# Thread: Equation of a plane through 3 points

1. ## Equation of a plane through 3 points

There is a method of finding the equation by using this equation: r.(di+ej.fk)=1 and substituting the position vectors in turn for r. Then the simultaneous equations are solved for d, e and f. I don't know how it works. Why is the scalar product 1?

2. ## Re: Equation of a plane through 3 points

You did not mention one important point: di+ ej+ fk is a normal vector, perpendicular to the plane.

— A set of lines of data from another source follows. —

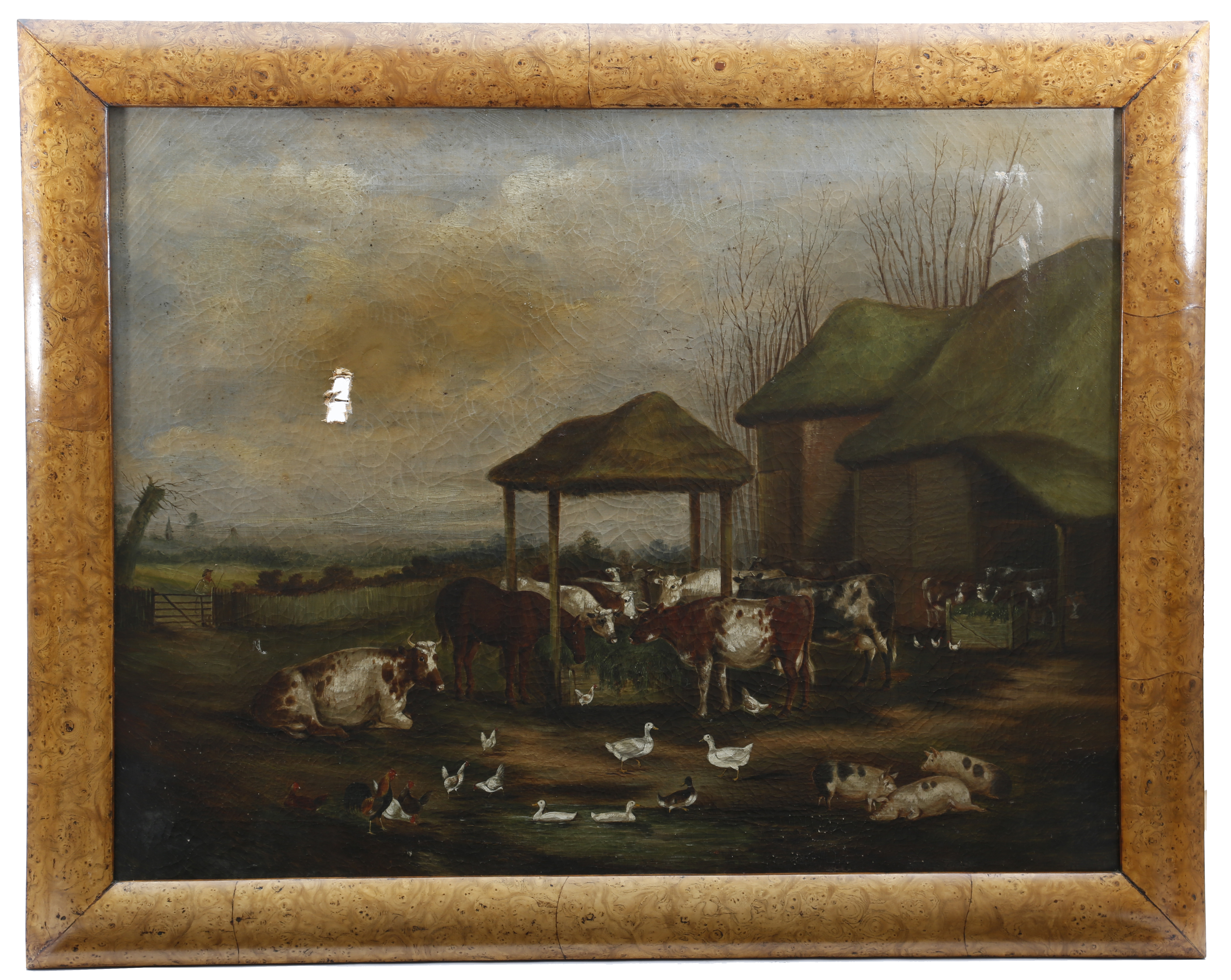 English School (19th century). A naive painting of a farmyard scene, with cows, pigs, ducks and chickens, with a farmer at a gate, oil on canvas, 68.8 x 90cm, in a later burr elm frame.
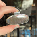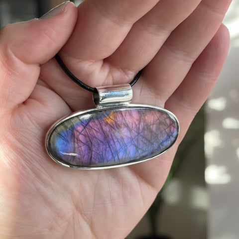 Gorgeous, high-grade statement Sunset Labradorite pendant necklace. A rare version of Labradorite, Sunset Labradorite contains purple, pink, and gold flashes reminiscent of a tropical sunset.
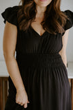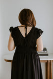 Flutter Sleeve Black Midi Dress
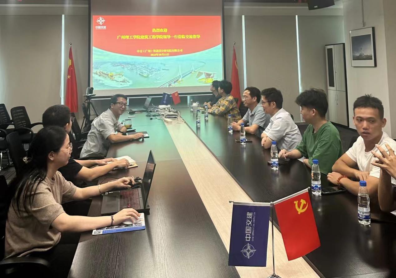 学院积极推进毕业论文(设计)选题实习工作,帮助同学们掌握专业市场知识,提前了解职场环境,服务毕业生就业工作。2024年10月11日,在侯庆华老师、叶涛老师的带领下,与做毕业论文(设计)的同学一起,向校企合作基地——中交(广州)铁道设计研究院有限公司的领导学习交流。
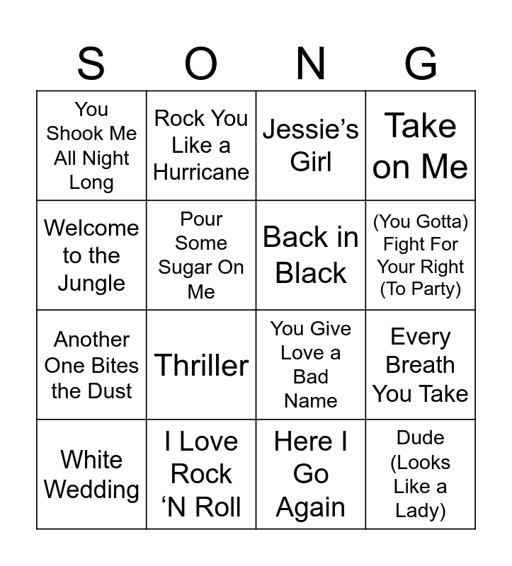 This bingo card has 35 words: Don’t Stop Believin’, Livin’ on a prayer, Eye of the Tiger, Back in Black, Billie Jean, Take on Me, Pour Some Sugar On Me, Jump, (You Gotta) Fight For Your Right (To Party), The Final Countdown, You Give Love a Bad Name, Welcome to the Jungle, Crazy Train, We’re Not Gonna Take It, You Shook Me All Night Long, I Love Rock ‘N Roll, Free Fallin’, Every Breath You Take, Dude (Looks Like a Lady), White Wedding, I Hate Myself For Loving You, Paradise City, Hit Me With Your Best Shot, Born In the U.S.A., Jessie’s Girl, Thriller, Walk This Way, Hungry Like the Wolf, Another One Bites the Dust, Here I Go Again, Rebel Yell, Nothin’ But a Good Time, Dr. Feelgood, Rock You Like a Hurricane and Wanted Dead or Alive.
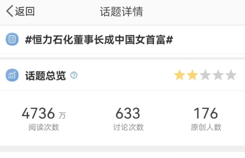 (恒力石化股份有限公司董事长、总司理范红卫;图源 恒力团体官网) 在履历了近一个月的身价变更后,恒力石化(600346.SH)董事长范红卫仍然稳坐“中国女首富”的宝座。 在9月份,2022年胡润举世富豪榜(下称“榜单”)公布后,“中国女首富”的标签在碧桂园杨惠妍家属和恒力石化董事长范红卫之间切换。至今已往一个月的时间,市场消息表现,据彭博亿万富豪榜及时数据,10月13日,恒力石化董事长范红卫以643亿元(89.5亿美元)身家成为“中国女首富”。 提起恒力石化,行业传播着一句“从一滴油到一匹布”。这句话是恒力团体发展进程的缩影,也是恒力团体副董事长、恒力石化董事长范红卫多次公开先容恒力团体时常说的话。 作为石化范畴的龙头公司之一,“恒力石化董事长成中国女首富”一事引起了各界关注,《中原时报》记者也就此与恒力石化取得了接洽,恒力石化方面针对行业关注标题向记者做出了回应。 稳居“中国女首富” 关注恒力石化的,提起范红卫大概并不陌生。 公开资料表现,范红卫1967年出生,大专学历,2016年3月起,任恒力石化股份有限公司董事长、总司理。 《中原时报》记者整合恒力石化公开资料获悉,1994年5月至2001年12月,范红卫担当吴江化纤织造厂有限公司总司理。2002年1月起,范红卫的名字频仍与董事关联,先是担当起了恒力团体有限公司董事,而后在同年11月至2011年8月担当了江苏恒力化纤有限公司董事。 2011年8月至2016年3月,范红卫身份再升级,担当江苏恒力化纤股份有限公司副董事长、总司理。再厥后的2016年3月至今,范红卫担当江苏恒力化纤股份有限公司董事长,以及恒力石化股份有限公司的董事长、总司理。 发展至今,2002年建立的恒力石化,主业务务已经涵盖至石油炼化、石化、芳烃、烯烃、PTA、乙二醇、民用丝、工业丝、工程塑料、聚酯薄膜、可降解塑料等高端化工质料与各类化工新质料应用等生产斲丧需求的广泛范畴。 而如今的范红卫,根据彭博亿万富豪榜及时数据表现,也成为了“中国女首富”。 不外,值得关注的是,此前在9月份范红卫成为“中国女首富”时,市场有诸多争议声。《中原时报》记者梳剃头现,固然范红卫并不是财产榜上的稀客,但2022年成为“中国女首富”的消息还是引发了业表里人士对于范红卫本人的讨论。在九月初微博相干话题下,有关“范红卫搭乘直升机上放工”“范红卫是否为白手发迹”等争议不绝。 (恒力石化相干话题微博热度环境;截自 微博平台) 针对市场的讨论内容,为相识恒力石化对此的见解,《中原时报》记者也与恒力石化取得了接洽,恒力石化方面向《中原时报》记者表现:“恒力是一家‘老黄牛’型的公司,相比力个人,我们更关注公司在财产中的定位,以及给财产链、相助方带来的代价。” 恒力石化方面向记者说道:“我们衷心盼望,公众与市场对恒力团体的印象更多的是‘从一滴油到一匹布’,恒力团体从三亩三分地的小纺织厂,到九大生产基地布局的国际型企业,一起走来,甘辛毕至,办好一流企业是我们积极贯彻落实国家‘实业强国’的战略方针,服务国家先辈制造与‘衣食住行’斲丧市场的‘老黄牛’,是我们盼望留给市场的标签。” 恒力石化方面向《中原时报》记者先容,作为一家面向B端的企业,公司恒久专注于技能突破与办理行业痛点。在行业发展进程中,“卡脖子”和“短缺性”化工新质料需求出现指数增长,但仍存在巨大缺口。恒力石化颠末多年的发展,乐成买通上游的“卡脖子”业务环节,突破原质料供给瓶颈。 财产、负债齐增引热议 究竟上,自“中国女首富”易主的消息出现以来,除了引发了各界对于范红卫本人的料想外,也引起了各人对于恒力石化业绩报的关注。由于从2022年上半年的业绩环境来看,恒力石化的资产负债率到达了74.96%。 按照业绩报表现,2022年上半年,固然恒力石化业务收入为1191.55亿元,同比增长13.94%;归属于上市公司股东的净利润80.26亿元。但同期的包管总额为1663.77亿元,包管总额占公司净资产比例到达281.63%,此中,短期乞贷到达682.55亿元,钱币资金则仅表现为255.78亿元。 偏高的负债环境和无法覆盖负债的钱币资金,使得各界在一时间内非常好奇恒力石化的真实谋划环境。 为此,恒力石化方面也向《中原时报》记者表明道,业绩的小幅震荡,是由于当前制约经济增长的因素仍然较多,部分经济指标转弱。原油、天然气等原质料代价连续高位震荡,房地产、纺织、建材等鄙俚行业增长放缓,资源高企叠加需求不敷,企业生产谋划压力显着增大,经济效益出现回落,行业团体市场颠簸性和下行压力加大。“财政体现方面看,自2020年底至本年上半年,公司的谋划发展呈连续上升趋势,在手的钱币资金规模分别达156.7亿元、159.9亿元、255.8亿元,连续增长。”恒力石化方面向记者表现,如今公司运作妥当精良。 不外,恒力石化方面在复兴《中原时报》记者采访时也坦言,资源市场方面,本年国表里经济形势复杂严肃,A股市场估值非理性下行阶段,基于恒久看好公司发展,为维护公司和股东优点,恒力石化在陈诉期内实行完成了第三期、第四期股份回购操持,回购资金总额共计达20亿元。 “连续推行对全体股东尤其是中小股东的市场责任,用现实办法维护公司市值公道稳固与全体股东核心优点,也充实表明上市公司和管理层刚强、恒久看好公司的谋划业绩、战略发展与
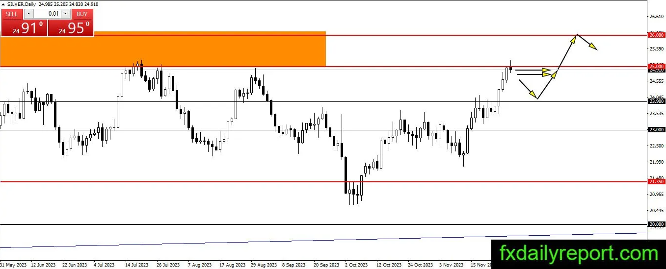 白银价格成功达到25.00美元至26.00美元区域,今天的交易出现看跌反应。价格有可能开始看跌调整并走向23.00美元至23.90美元区域。交易者可以利用出现的看跌调整作为建立多头头寸的机会。

Now, if r is a vector lying in the plane, in particular if r= <x- a, y- b, z- a> where (a, b, c) is given as a specific point in the plane and (x, y, z) represents a variable point in the plane, then r is perpendicular to di+ ej+ fk and so their dot product is 0.

If you have three points in the plane, say, (a, b, c), (d, e, f), (g, h, i), then (a- d, b- e, c- f) and (a- g, b- h, c- i) are vectors lying in the plane and so you can take di+ ej+ fk to be the cross product of those two vectors.

3. ## Re: Equation of a plane through 3 points

Suppose that $\displaystyle \hat{n}$ is a unit vector perpendicular to the plane and that $\displaystyle \underline{a}$ is the position vector of some fixed point within the plane.

If now $\displaystyle \underline{r}$ is the position vector of another point within the plane, then $\displaystyle (\underline{r}-\underline{a})$ will be a vector in the plane and so perpendicular to $\displaystyle \hat{n}.$

In that case, $\displaystyle (\underline{r}-\underline{a}).\hat{n}=0,$
so
$\displaystyle \underline{r}.\hat{n}=\underline{a}.\hat{n},$
or
$\displaystyle \underline{r}.\left(\frac{\hat{n}}{\underline{a}. \hat {n}}\right)=1.$

This can now be written as
$\displaystyle \underline{r}.(d\hat{i}+e\hat{j}+f\hat{k})=1.$

Three different position vectors $\displaystyle \underline{r}$ for three different points within the plane produce three equations in which the unknowns are $\displaystyle d, e \text{ and } f.$